▶ [Directions for this task]: Begin at the line where "This tie is" appears and reproduce exactly every line through the end of the data below, both included, skipping pictures.

[Extracted data entries]
--------

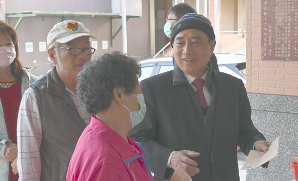 ▲王金平(中右)13日上午到路竹一甲国中的投开票所投票,他与民众话家常。
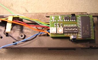 Schritt 16: Einbau des Decoders 60902. Dieser wird ganz einfach in die Halterung des elektronischen Umschalters eingeklippst. Sinnvollerweise werden die Kabel von der rechten Seite unter dem Decoder durchgeführt. (das sind alle Kabel, ausser dem orangen) | ![]() |
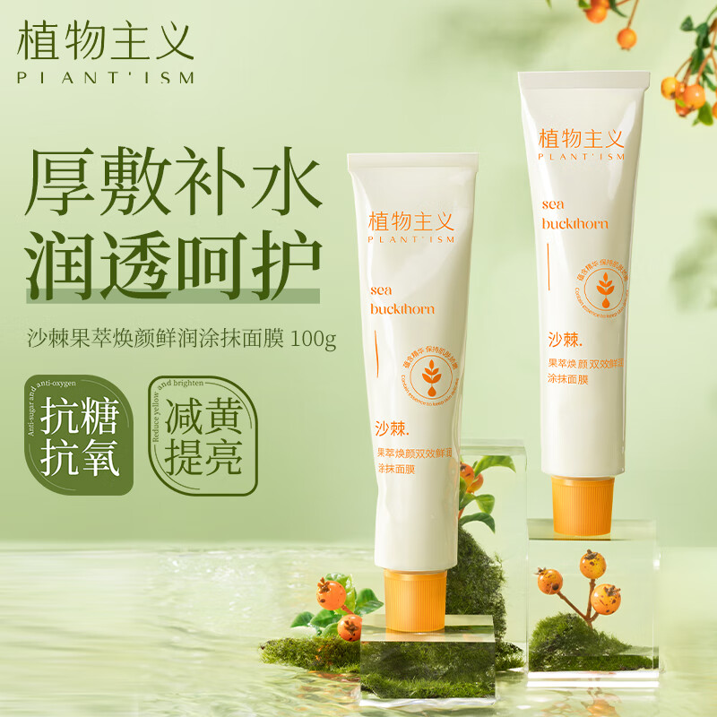 包邮 植物主义面膜沙棘果萃焕颜涂抹式面膜提亮补水保湿细致毛孔准孕妇护肤用品 沙棘果萃涂抹面膜100g
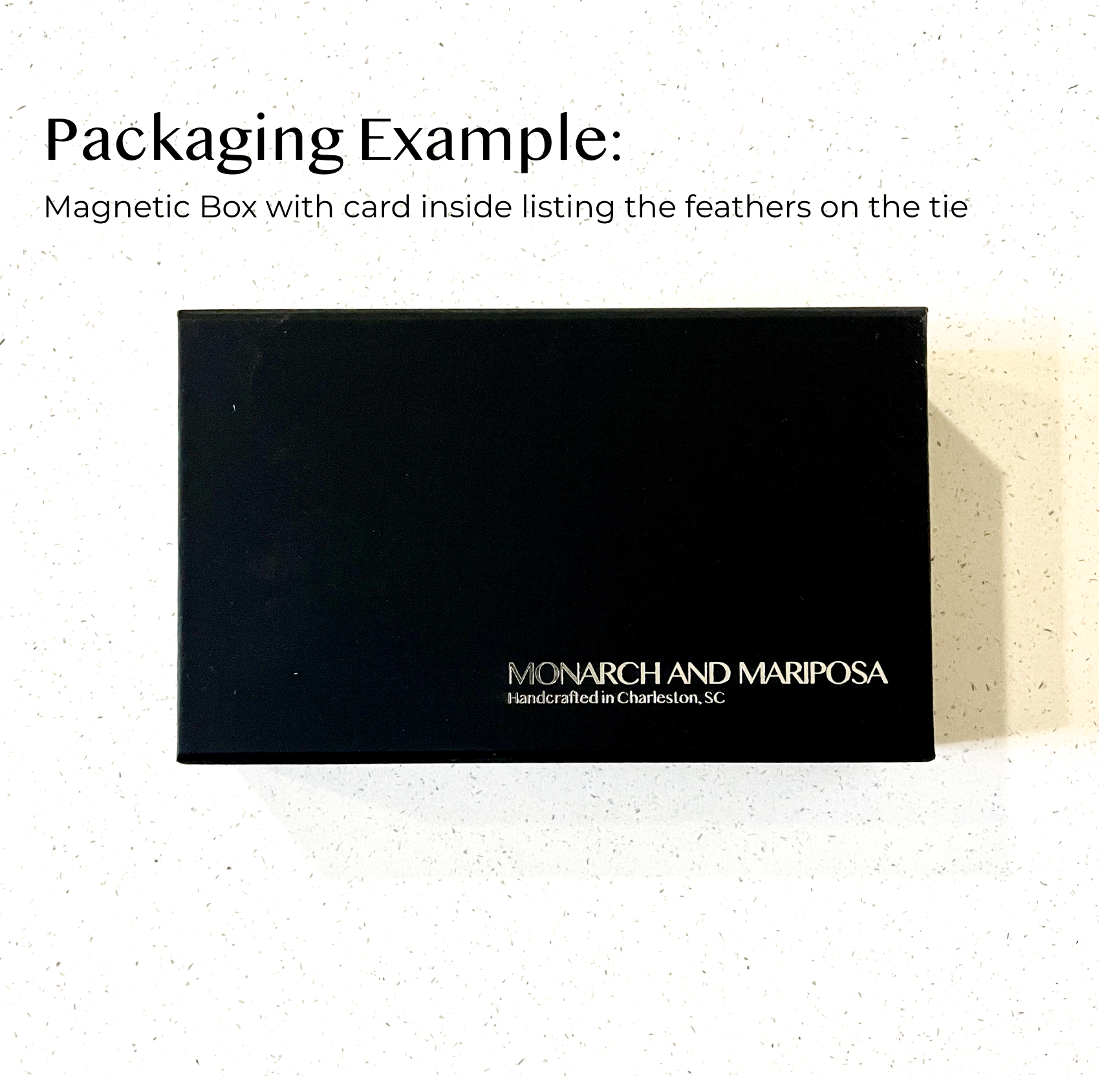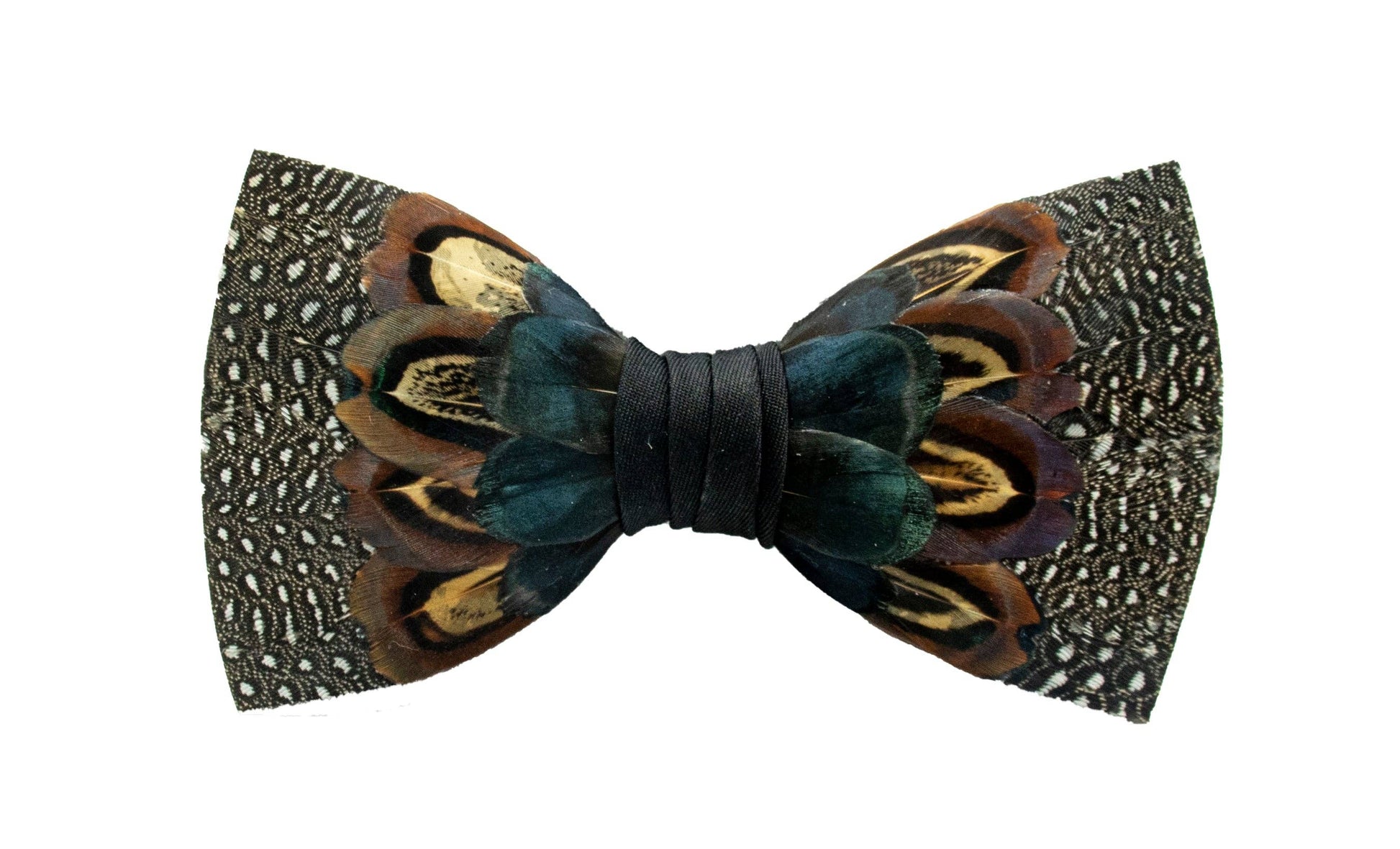 This tie is handcrafted from Guinea Hen and Pheasant feathers Pre-tied with an adjustable neck strap Bow tie is about 4.5 inches wide and 2.25 inches tall prom, graduation, fathers day, easter.
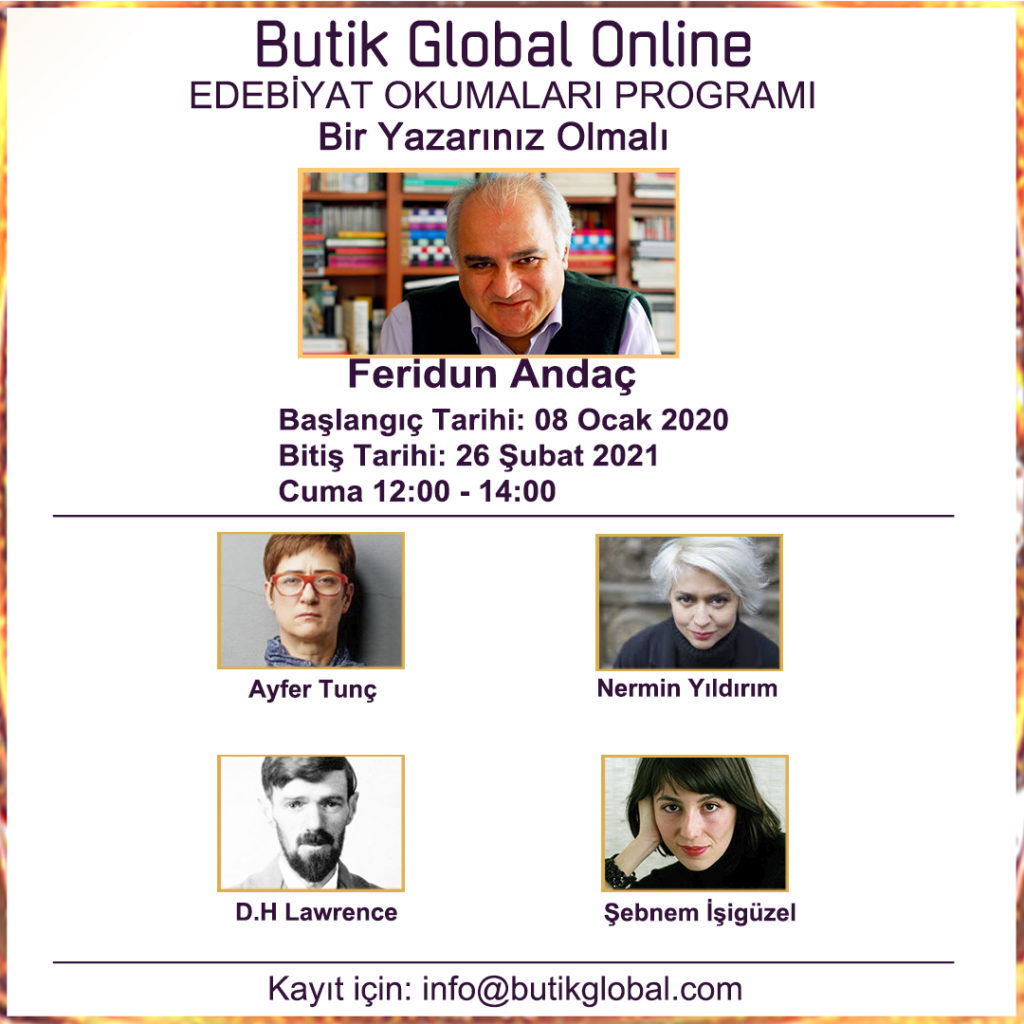 Butik Global Online’ın düzenlediği Feridun Andaç ile Edebiyat Okumaları 8 Ocak’ta başlıyor.
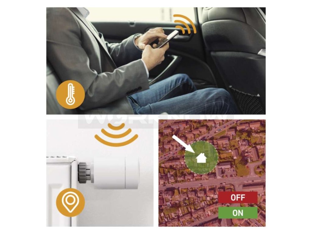 Chytrá termostatická hlavice P5630S sleduje polohu vašeho mobilního zařízení a na základě GPS dokáže regulovat teplotu, pokud se zrovna nacházíte v blízkosti vašeho domova. Při odchodu naopak teplotu ztlumí a vy tak máte minimum starostí. Řekněte stop drahému a nepříjemnému přetápění!
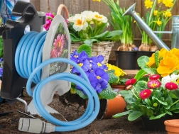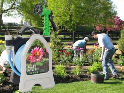 Praktyczny stojak z haczykiem oszczędza miejsce, ułatwia przenoszenie i pozwala na szybkie nawinięcie węża bez supłów.
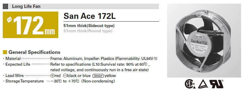 205873/109E1712Y501/San Ace 172系列 长寿命低噪音直流散热风扇
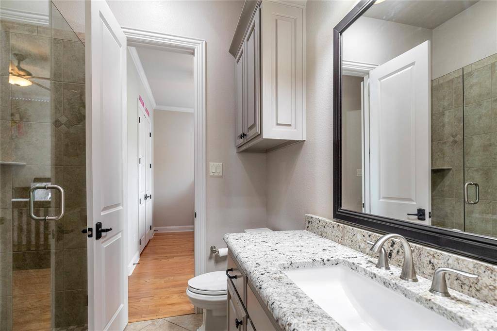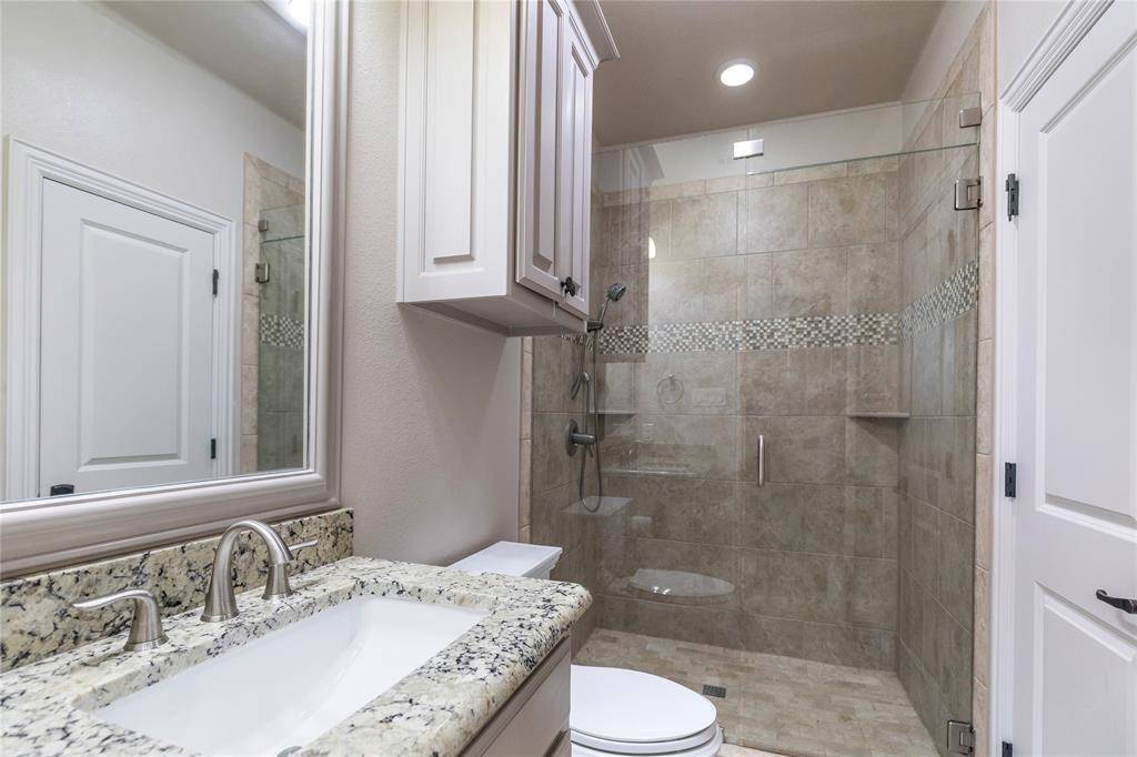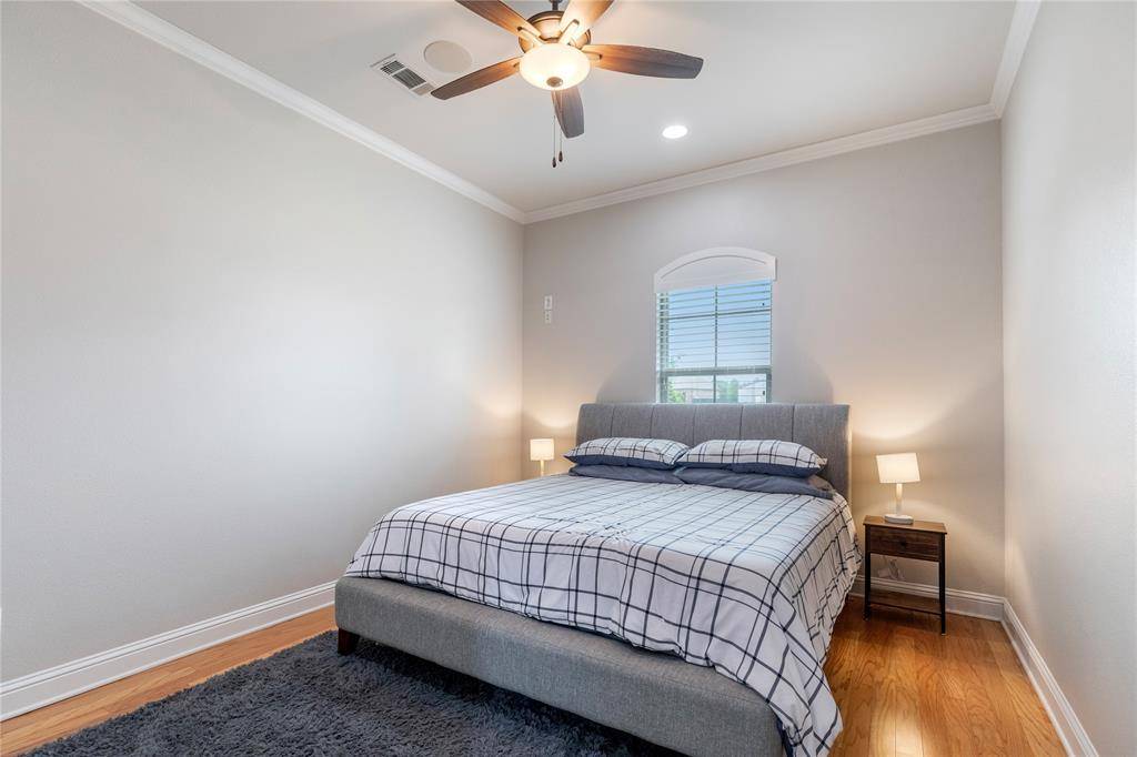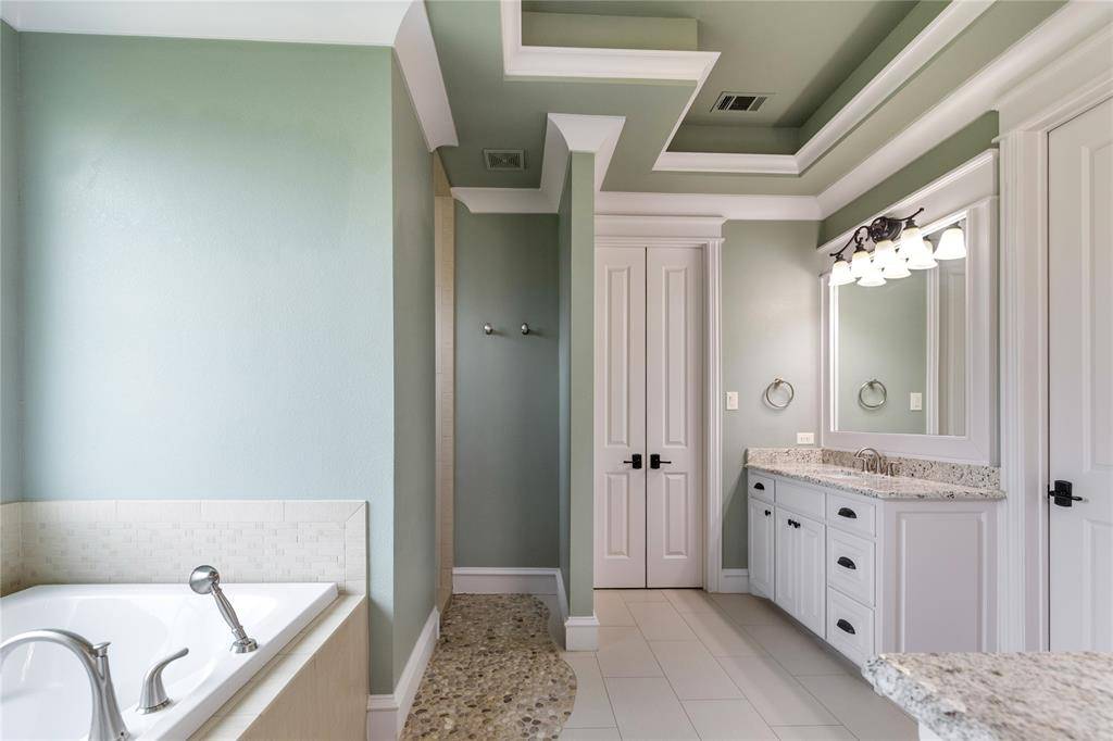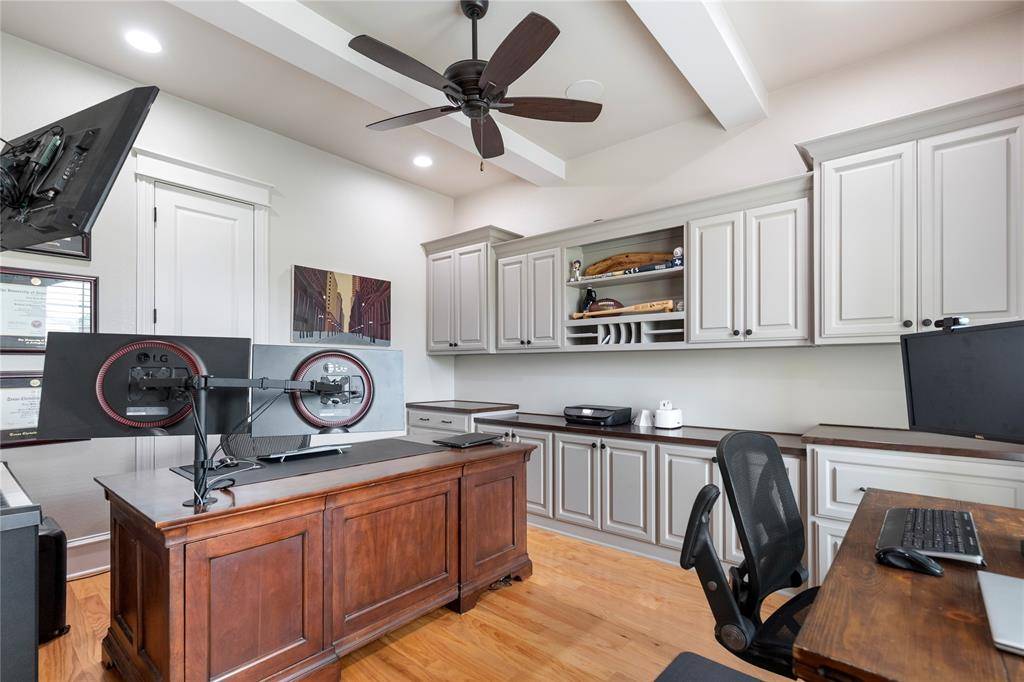 The private primary suite offers a refined retreat with serene backyard views and elegant French doors providing direct access to the patio. The spa-inspired ensuite includes dual vanities, a soaking jetted tub, separate shower, and an oversized walk-in closet. Secondary bedrooms are generously sized, with walk-in closets, with two extra bedrooms on the main level as well as a large private office with built-ins. The upstairs bedrooms feature private ensuite baths. Upstairs includes a game room and dedicated media room.

--------

▶ [Answer to the problem]:
 This tie is handcrafted from Guinea Hen and Pheasant feathers Pre-tied with an adjustable neck strap Bow tie is about 4.5 inches wide and 2.25 inches tall prom, graduation, fathers day, easter.
 Butik Global Online’ın düzenlediği Feridun Andaç ile Edebiyat Okumaları 8 Ocak’ta başlıyor.
 Chytrá termostatická hlavice P5630S sleduje polohu vašeho mobilního zařízení a na základě GPS dokáže regulovat teplotu, pokud se zrovna nacházíte v blízkosti vašeho domova. Při odchodu naopak teplotu ztlumí a vy tak máte minimum starostí. Řekněte stop drahému a nepříjemnému přetápění!
 Praktyczny stojak z haczykiem oszczędza miejsce, ułatwia przenoszenie i pozwala na szybkie nawinięcie węża bez supłów.
 205873/109E1712Y501/San Ace 172系列 长寿命低噪音直流散热风扇
 The private primary suite offers a refined retreat with serene backyard views and elegant French doors providing direct access to the patio. The spa-inspired ensuite includes dual vanities, a soaking jetted tub, separate shower, and an oversized walk-in closet. Secondary bedrooms are generously sized, with walk-in closets, with two extra bedrooms on the main level as well as a large private office with built-ins. The upstairs bedrooms feature private ensuite baths. Upstairs includes a game room and dedicated media room.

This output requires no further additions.